More simply than these edits, sometimes, during moments of great drama, the frame's paper will wrinkle at the edges. And sometimes, the frames will fully disappear as a sheet is entirely crumpled. 

It's truly as if Maragkos and his collaborators brainstormed every possible image and edit to push the form of film to the max. As a result, much of The Timekeepers of Eternity is genuinely jaw-dropping in its creativity. 

The film's greatest trick is that the form doesn't distract from the narrative and instead enhances the intellectual and emotional impact in several ways. 

The collage format allows parts of pictures to remain unmoving, quite literally stuck in time, while other aspects move on. Paper rips can create rips in time as they take us forward and backward, sometimes simultaneously. 

As the film continues, we learn of Toomey's intrusive thoughts of an abusive father.
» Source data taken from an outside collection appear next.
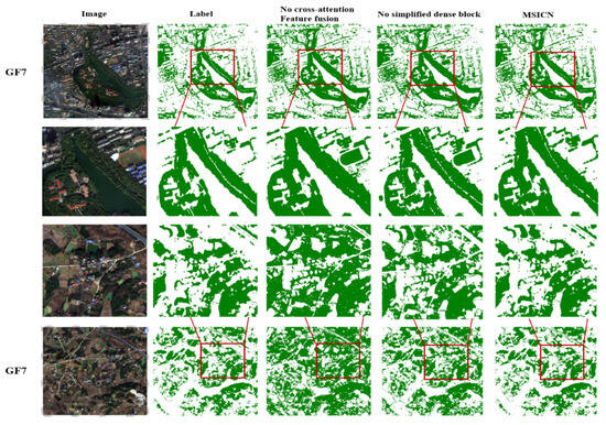 Results of the third group of ablation experiments in the gf7 imaging area. Green represents vegetation. The red box represents a zoomed in detail image of the local area.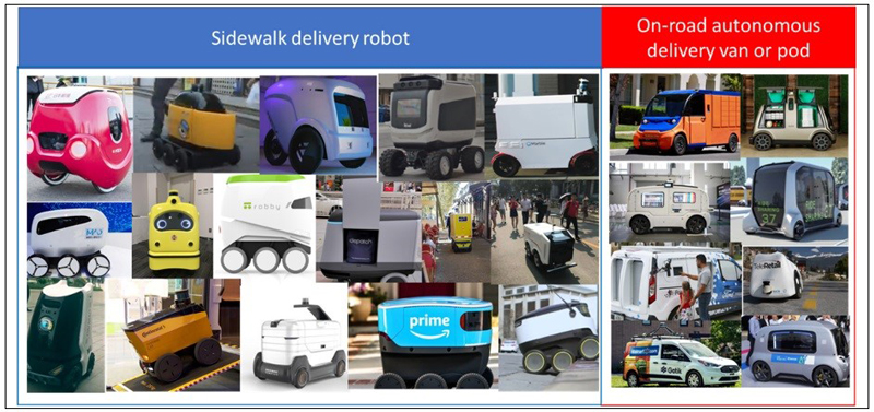 The image below shows various autonomous robots and vehicles (sometimes called pods) developed around the world. These come in a variety of shapes and forms, reflecting the diversity and breadth of design and technology choices which must be made to create such products.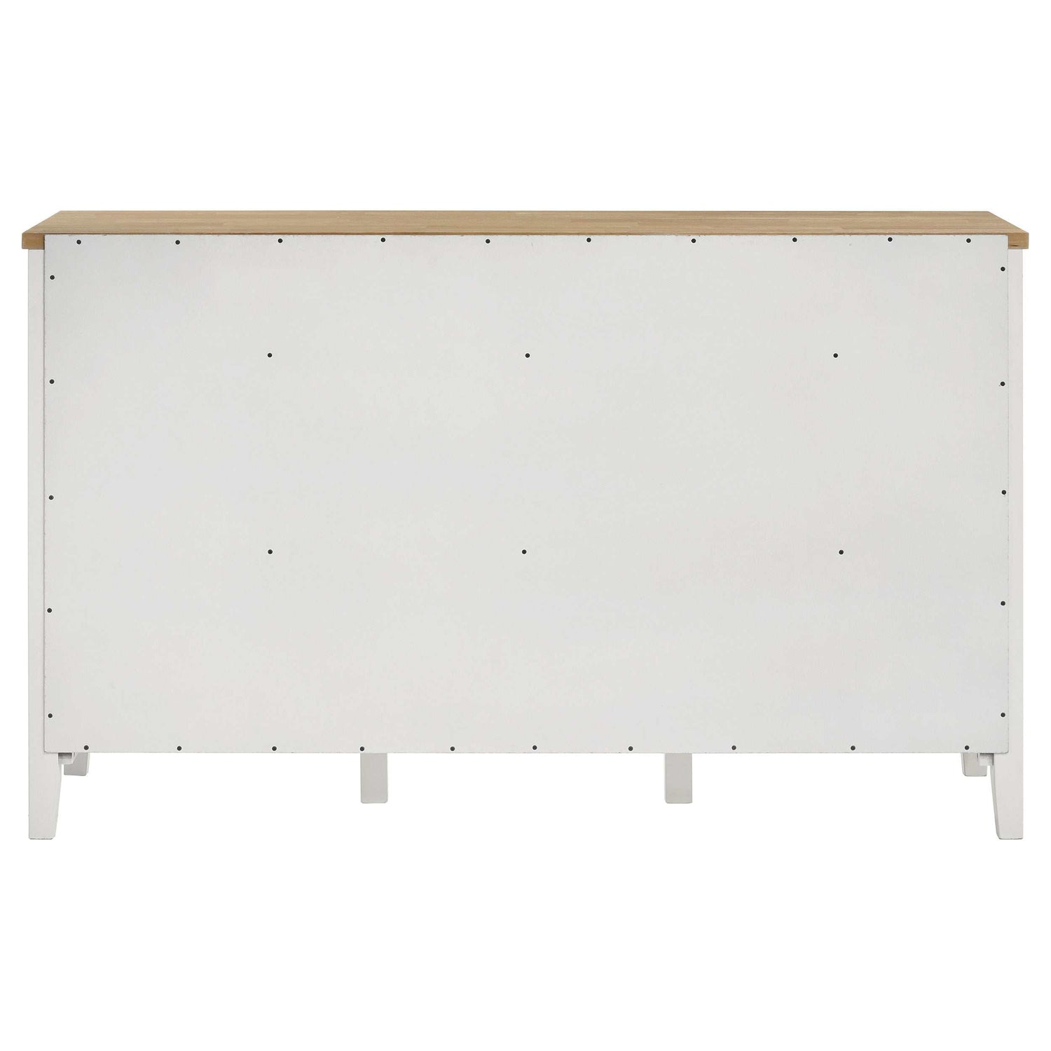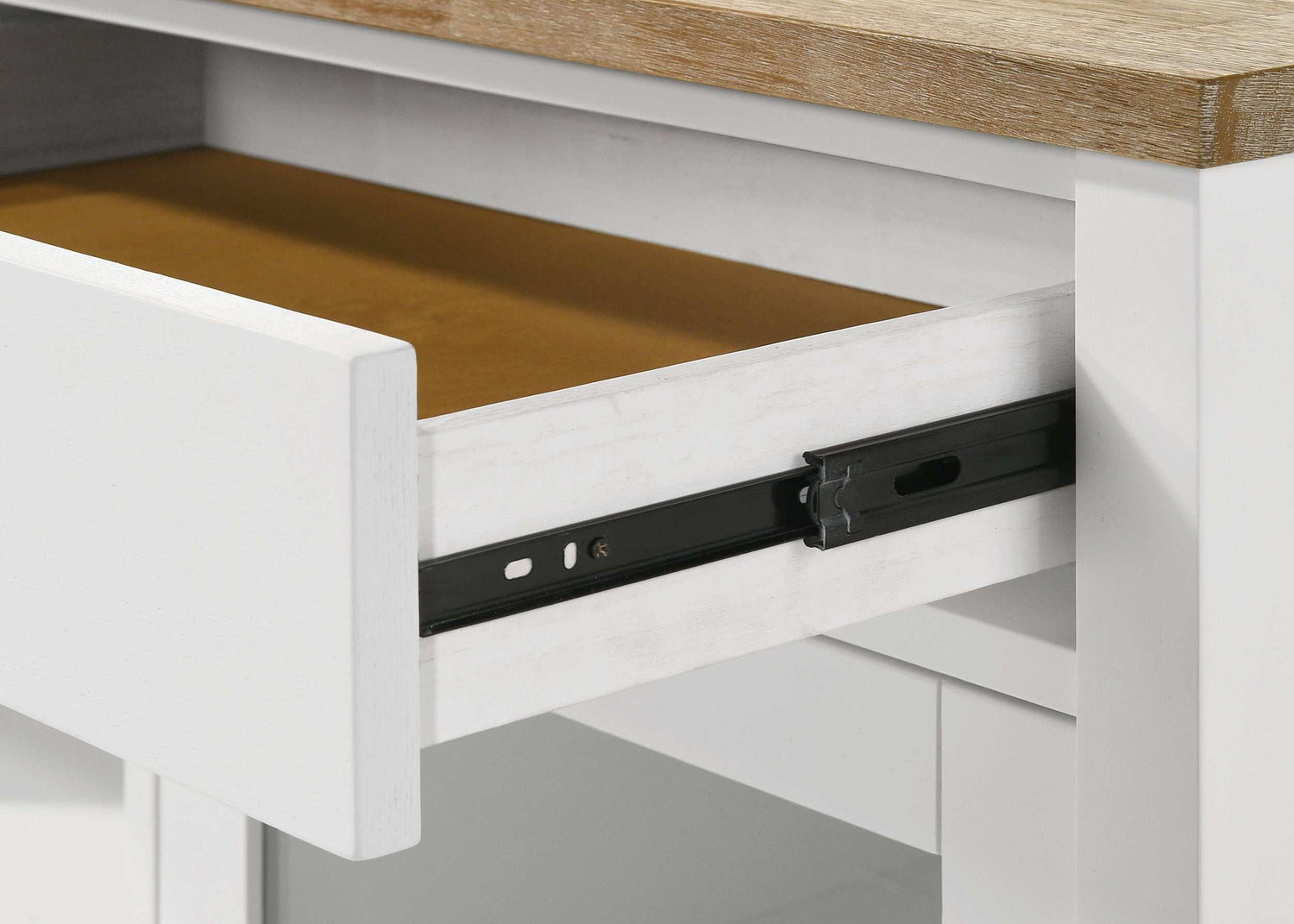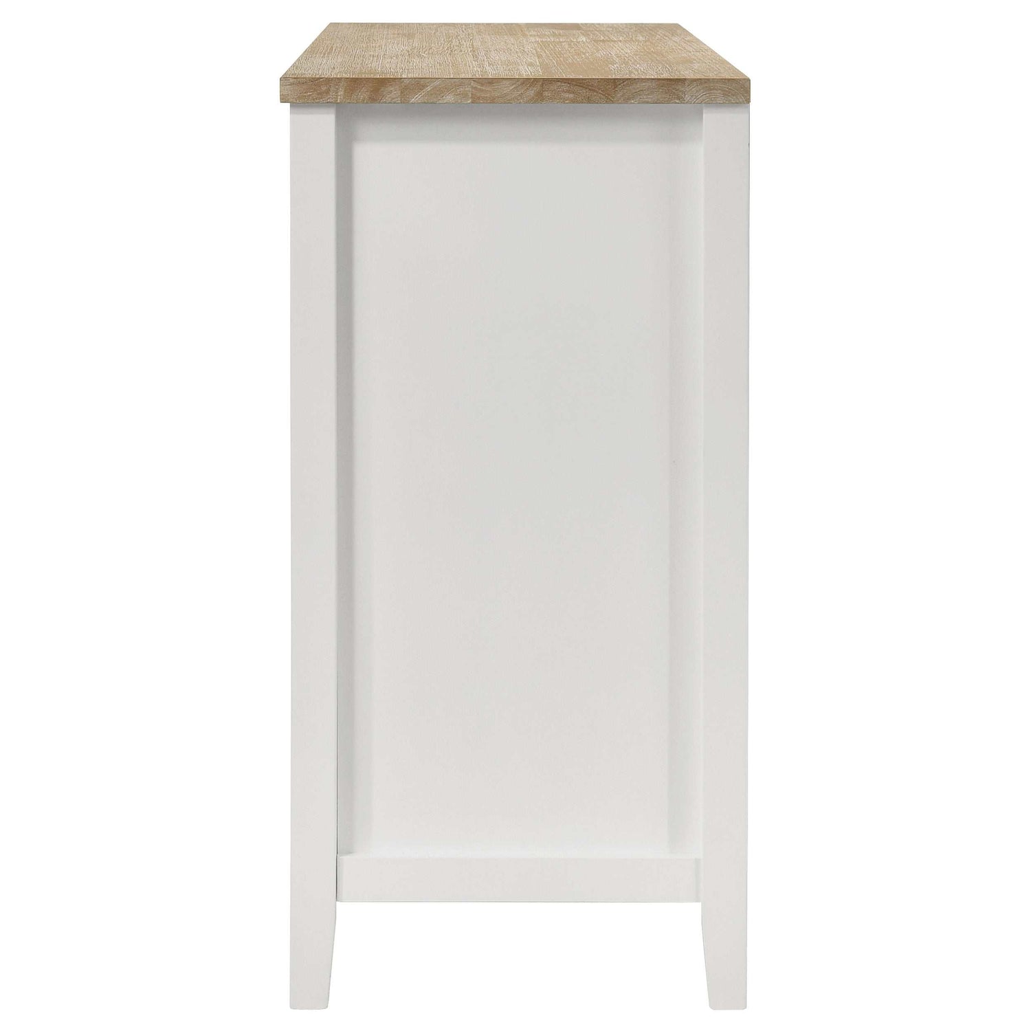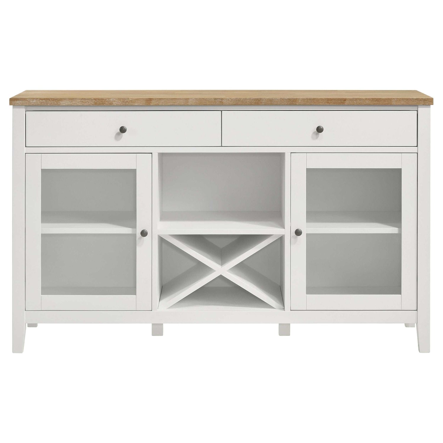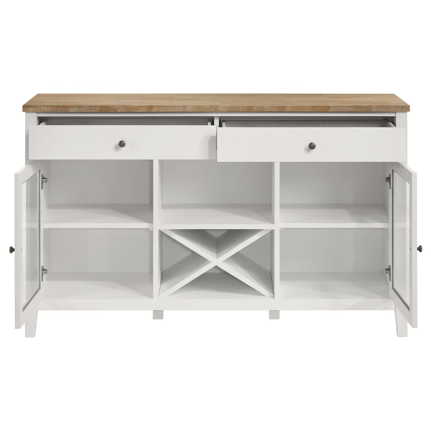 Wire brushing adds the perfect hint of rustic distressing to the tabletop featured on a modern farmhouse sideboard. It's tow=tone look adds charm in a kitchen or dining room, with a natural wood top and crisp white base that adds contrast while maintaining a neutral color palette. Two drawers are ideal for utensils and delicate items with felt lining in a light brown hue. Two side cabinets add glass doors for showing off cookbooks, crockery or glassware. In the center, one open shelf and an X-cross bottle rack add a perfect spot for favorite bottles of wine and stylish decor that brings a personal touch.

These thoughts (shown as flashbacks in the original) intrude on the world of the film as Toomey grows more anxious. They tear through the fabric of his reality, literally ripping apart his world and sometimes even his head. 

When the story reaches its climax, the form does too. Throughout the film, The Timekeepers of Eternity used images from The Langoliers, but this changes in the film's final moments. 
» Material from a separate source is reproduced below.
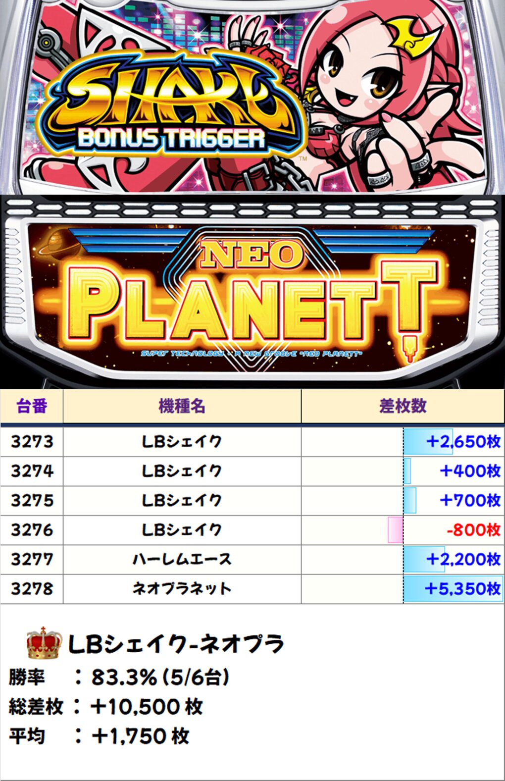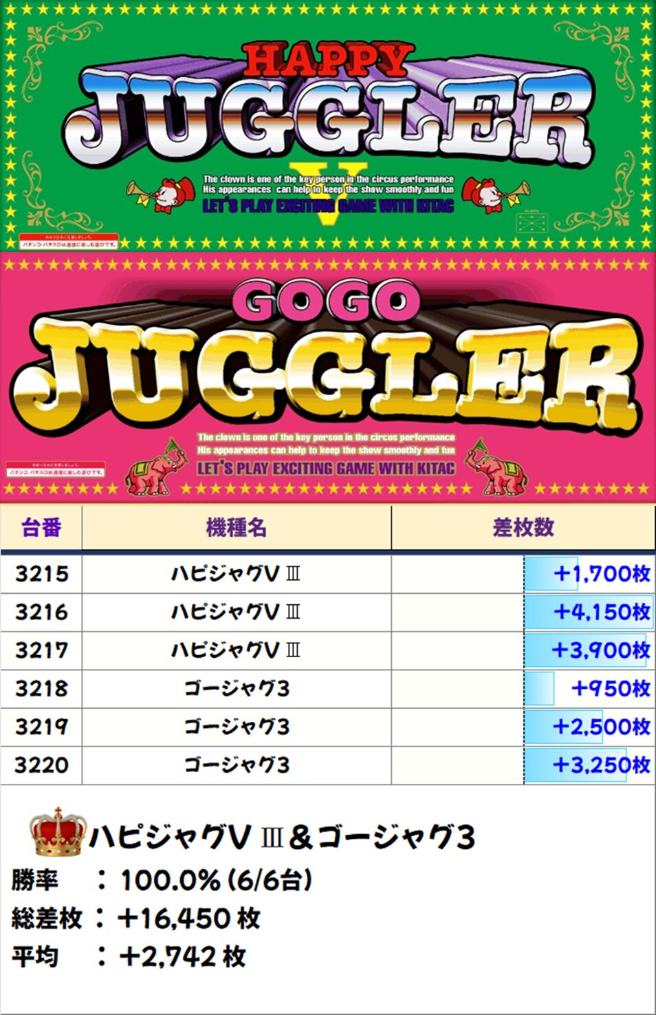 惜しくも1台マイナスでしたが、平均L3,525枚と優秀な結果となりました!

It's genuinely awe-inspiring for a movie, especially one that barely cracks an hour, to continue to push itself further at nearly every step. And this finale sequence makes for a truly disturbing climax that was not available in the original film. 

The Timekeepers of Eternity is equally thrilling for its story and unique form and perhaps most exciting as a piece of art because of the fantastic way it combines the two. You genuinely need to see this film to believe it.

The film is currently playing the festival circuit.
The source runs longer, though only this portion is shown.